Только одна бессознательная деятельность приносит плоды, и человек, играющий роль в историческом событии, никогда не понимает его значения. Ежели он пытается понять его, он поражается бесплодностью»3. Пытаться «понять» что– либо посредством рассудка значит обречь себя на провал. Пьер Безухов бродит, «потерянный», по Бородинскому полю, ища хоть чего-нибудь, напоминающего расхожие представления о битве – о войне, какой изображают ее историки либо живописцы. А видит лишь ничем особым не примечательную сумятицу и смятение – отдельных человеческих существ, лихорадочно и наобум заботящихся о людских своих нуждах. Но это, по крайней мере, нечто определенное, не искажаемое теориями и абстракциями; оттого Пьер и ближе к истине, подлежащей ходу событий – насколько вообще способен ее уразуметь человек, – нежели те, кто полагает, будто история движется в согласии с неким перечнем постигаемых законов и правил. Пьер видит лишь череду случайных несчастий – причины и последствия коих, как правило, скрыты от людей и непредсказуемы: череду не связанных друг с другом происшествий, образующих очаги, что становятся переменчивыми узорами, лишенными всякого сколько-нибудь различимого порядка. И заявлять, будто сумел обнаружить узоры, поддающиеся анализу и укладывающиеся в «научные формулы» – значит лгать.

Наиязвительнейшие насмешки Толстого и самая едкая его ирония достаются мнящим себя и выступающим «официальными специалистами» по делам человеческим: западным военным теоретикам, генералам Пфулю, Беннигсену и Пау– лучи, дружно мелющим вздор на Дрисском военном совете: одни – поддерживая, другие – отвергая предлагаемую стратегию или тактику; эти вояки – самозванцы и плуты, ибо нет и не будет на свете никакой теории, объемлющей беспредельное разнообразие вероятного людского поведения, бесконечное множество крохотных, неощутимых причин и следствий, порождающих взаимную связь и взаимодействие людей и природы – то, что история тщится запечатлеть. Все, кто притворяются, будто способны это необъятное множество обрамить «научными» законами, – либо отъявленные шарлатаны, либо слепые поводыри слепцов. Наисуровейший приговор, соответственно, припасен для теоретика-гроссмейстера: великого Наполеона, который и сам верит, и других завораживает своей верой в то, что он, Наполеон, постигает происходящее, и управляет им – благодаря сверхчеловеческому разумению, или вспышкам наития, или иным образом отыскивая правильные ответы на вопросы, задаваемые историей. Чем громче такие заявления, тем бесстыднее ложь, а стало быть, Наполеон – самое жалкое и презренное изо всех действующих лиц великой трагедии.
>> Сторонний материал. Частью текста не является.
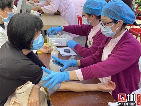 羅湖中醫院外科黨支部宣傳員喻意美介紹,此次義診,羅湖中醫院共挑選了20多名醫護人員參加,包括外科、泌尿科、肛腸科、兒科、婦科等,為老百姓提供多樣的免費的中醫治療項目。“我們這一次除了醫生探診之外,也重點也推廣醫院的兩癌篩查,傳播健康知識和中醫保健,讓更多的人去了解兩癌,早發現、早診斷、早治療,讓大家都有養生保健的意識和概念。”羅湖中醫院外科病區主管護師李快艷在接受采訪時說道。

Именно тут и кроется великое заблуждение, разоблачать которое берется Толстой: нельзя считать, будто личность способна собственными силами и попечением понимать события и направлять их в нужное русло. Считающие так чудовищно ошибаются. И ведь бок-о-бок с этими площадными лицедеями, пошлыми и пустыми людьми – наполовину поверившими самообману, а наполовину сознающими свое шарлатанство, говорящими и пишущими отчаянно и бесцельно, дабы соблюдать приличия и держаться поодаль от угрюмых истин, – совсем рядом с этой расписной ширмой, скрывающей зрелище людской немочи, никчемности и слепоты, простирается настоящий мир и струится поток жизни, видимый и внятный тем, кто не чужд мелочам вседневного существования. Когда Толстой противопоставляет эту «живую жизнь» – истинный, обыденный опыт отдельных личностей – панорамному виду, предлагаемому фокусниками от истории, Толстой прекрасно понимает, где здесь настоящее бытие, а где крепко – временами даже изящно – сколоченные, да неизменно плоские театральные декорации.
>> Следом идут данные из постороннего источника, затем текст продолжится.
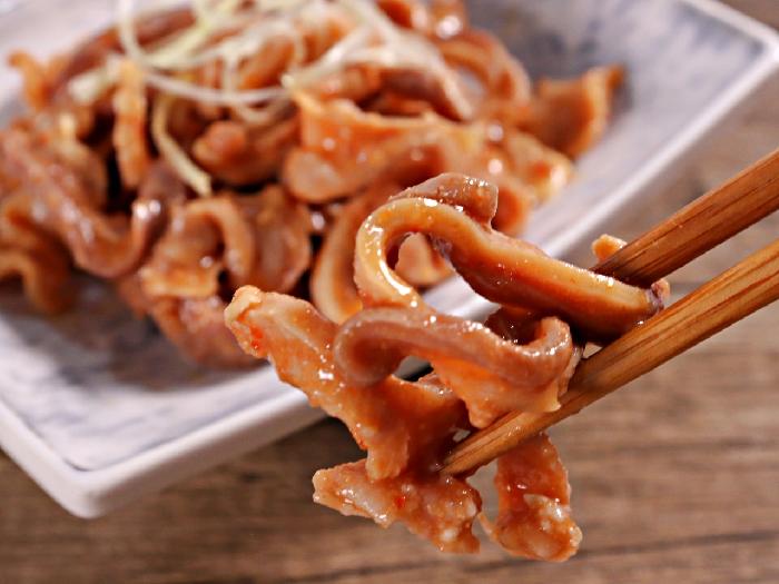 国産豚の胃袋(ガツ)を丁寧に下処理後、ピリ辛味噌で味付けしました。ガツは豚モツですがくさみが少なく、歯ごたえのあるコリコリ食感が楽しめます。調味済みの為、解凍後そのまま提供できますが、オニオンスライスやきゅうりやもやしなど野菜と合わせてもおいしく楽しめます。

Начисто не схожий с Вирджинией Вульф почти ни в чем, Толстой, пожалуй, первым изрек общеизвестное обвинение, адресованное полвека спустя английской писательницей «площадным пророкам» ее собственного поколения – Бернарду Шоу, Герберту Уэллсу и Арнольду Беннетту, – коих она окрестила незрячими материалистами, зачаточного понятия не имевшими об истинной сути бытия, путавшими внешние случайные события и никчемные стороны существования, лежащие за пределами отдельно взятой людской души – так называемую общественную, экономическую и политическую действительность, – с единственными истинами: личным опытом, частными взаимоотношениями личностей; цветом, запахом и вкусом; звуками и движениями; ревностью, любовью, ненавистью, редкими озарениями; судьбоносными минутами; обыденной последовательностью происшествий и впечатлений, лишь для одного-единственного человека и важных, – со всем тем, что зовется «настоящей» жизнью.
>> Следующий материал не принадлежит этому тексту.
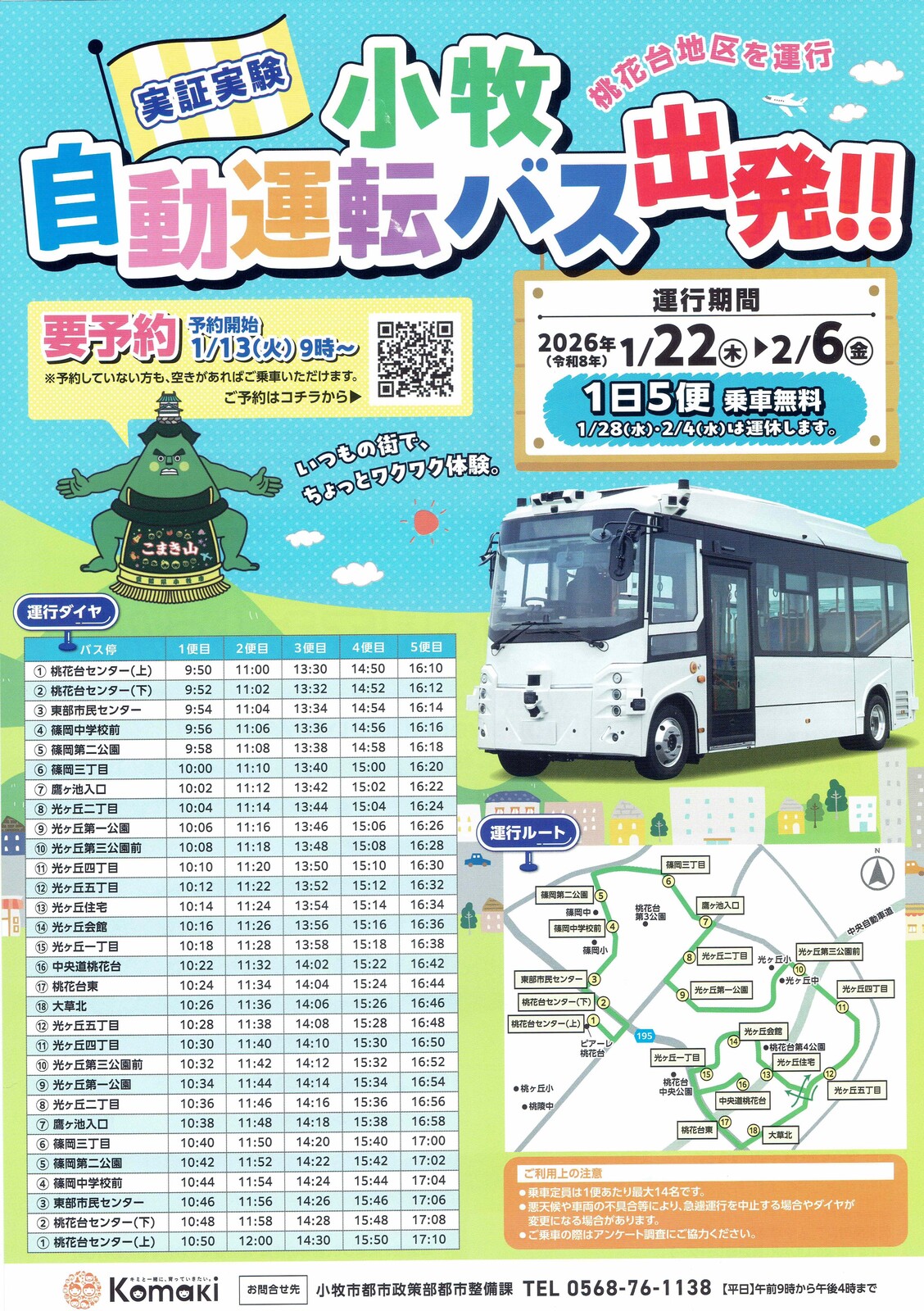 1/13(火)午前9時から専用サイトにて予約受付がスタート。※小牧市外の方も誰でも乗車可能空席がある場合は予約なしでも乗車可能ですが、事前予約がおすすめとのこと。

В чем же заключается тогда задача историка? Нужно ли описывать лишь наиважнейшие грани бытия, относящиеся к личному опыту, к частной людской жизни «с своими интересами мысли, науки, поэзии, музыки, любви, дружбы, ненависти, страстей»[76] – и только? Именно к этому Толстого постоянно призывал Тургенев – и Толстого, и всех прочих писателей, но Толстого наипаче, – ибо в этом его истинный гений сказался бы всецело, ибо в этом и была его судьба, судьба великого русского писателя; и как раз этого-то он яростно отрицался даже в зрелые годы – покуда не наступила завершающая, религиозная фаза толстовского развития. Ибо довелось бы не отвечать на вопрос о том, чту существует в мире, о том, отчего и как оно возникает и минует, но решительно повернуться ко всему этому спиной – подавляя свое желание уразуметь образ окружающей общественной жизни, взаимного человеческого влияния, влияния природы на человека – и смысл всего этого.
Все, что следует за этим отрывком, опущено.